- 2 cups mashed potatoes (without added milk and butter)
- 1 egg, lightly beaten
- 1 tablespoon minced chives
- 1 teaspoon minced fresh parsley
- 3/4 teaspoon salt
- 1/8 teaspoon dried minced garlic
- 1/8 teaspoon pepper
- Dash dried rosemary, crushed
- 1/2 cup shredded sharp cheddar cheese
- 4 tablespoons canola oil, divided
- In a large bowl, combine the first eight ingredients. Stir in cheese.

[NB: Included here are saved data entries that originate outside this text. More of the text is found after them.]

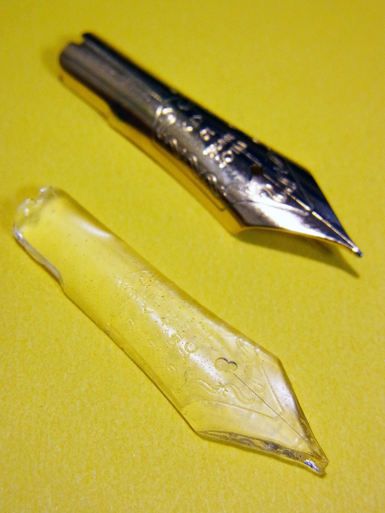 ムスメのレジン工作にリクエストをしてみる ムスメがUVレジンでペンダントとかをつくるようになったので、ちょっとお願いをしてみました。「万年筆のペン先を型で取って、レジンでペンダントトップを作れるかい?」さっそく試作に入ったようです。 今夜初めて取ったテストショット。ペン先に刻印された模様や文字まで取れるんですね。まだまだテストをしてくれるというので、今後が楽しみです。 [2回] コメント コメントを書く コメントを書く コメント送信
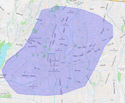このサービスエリア内ならUber Eatsの注文ができますし、Uber Eatsの配達という自由な仕事もできます
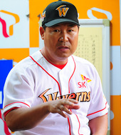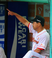 2011.08.18 18: 44이만수 감독대행,'덕아웃 앞으로 걸터앉아 지시!'
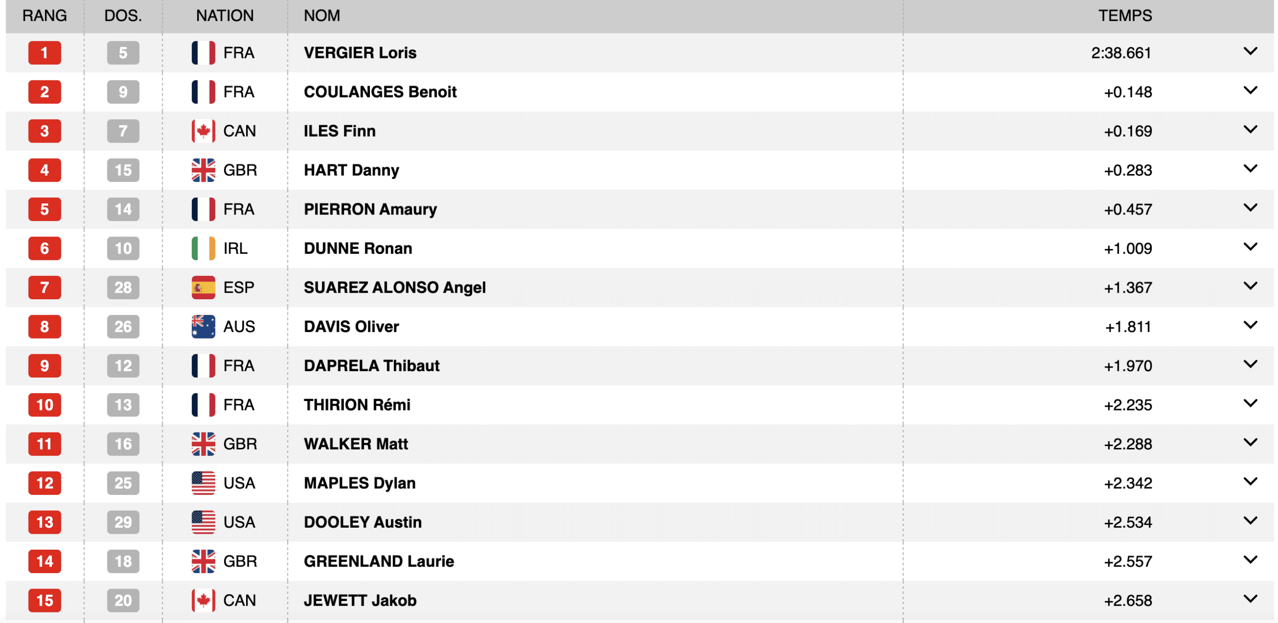 C’est le moment que choisit Loris Vergier pour venir se mêler à la fête. Et comme si ce n’était pas déjà assez serré, le Français vient se placer 0,148 s devant son compatriote Benoît Coulanges. Incroyable !
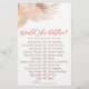 Det här är en Skulle hon hellre? Möhippans spel. *Skulle hon hellre? - Briden kommer att fylla i sitt eget personliga svar lakan. Gästerna kommer att ringa in det rätta alternativet med tanke på sina egna personliga kunskaper om bruden. Den som får de rätta svaren vinner! Boho Rosa Blommigt Flowers, spel för möhippa, mutor att bli, möhippa, möhippa, roligt möhippa-spel
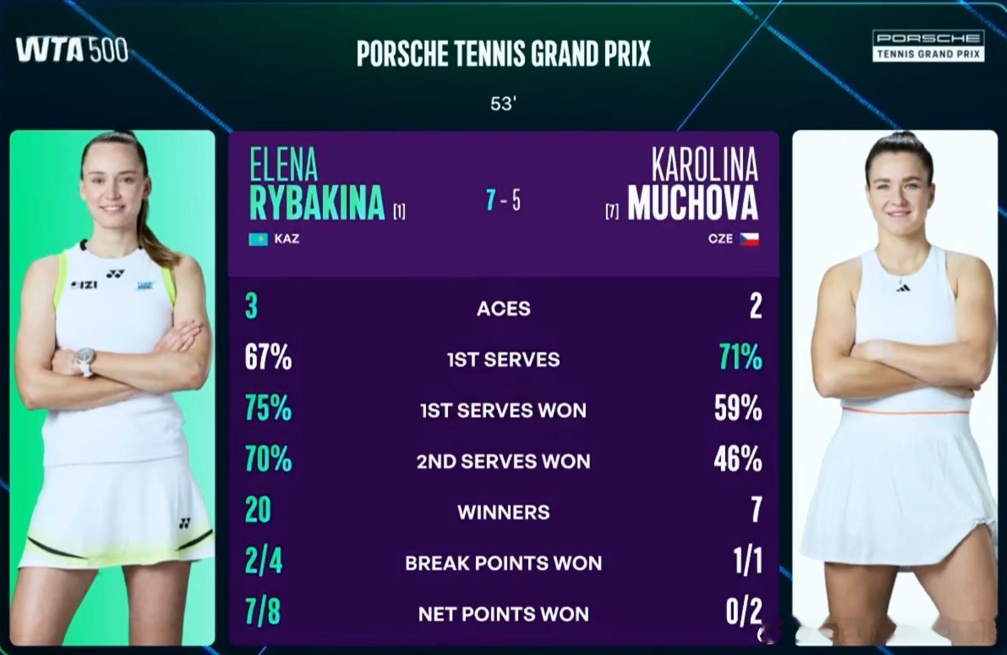 即时战况:斯图加特站决赛,莱巴金娜第1盘被追到5-5平,凭借盘末的关键破发以7-5拿下首盘大比分1-0领先穆霍娃! 莱巴金娜决赛第1盘发球和进攻发挥及其出色,1发和2发得分率都超过70%,并拿下20个制胜分!
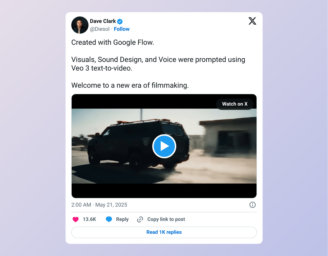 Social media had a collective meltdown this week after Google unveiled Flow, an AI platform that's generating the most realistic, consistent video content anyone's seen from AI. Demo clips racked up hundreds of thousands of views within hours, with comments ranging from "this blew my mind" to variations of "we're all doomed."

- Heat 2 tablespoons oil in a large nonstick skillet over medium heat. Drop batter by 1/4 cupfuls into oil; press lightly to flatten. Cook in batches for 2-3 minutes on each side or until golden brown, using remaining oil as needed. Drain on paper towels. Yield: 8 potato pancakes.
Reviews for Au Gratin Potato Pancakes
"1st pot pancakes that came out well for me."
"Tastes GREAT! But mine fell apart. I might try again with a second egg and a little flour added. Maybe a little less salt as well, they were a tiny bit too salty for us."
"these were really good, a nice change from hash browns!"
"Don't flip until you are certain they have browned or else they become a mess but they taste great!"
"Loved this recipe! Sure beats the shredded kind by far! YUM!"
"My family really enjoyed this recipe. I have to confess that I had trouble frying them, but I think it was due to my inferior frying pan. I actually ended up throwing the potato mixture into a glass dish and baking it."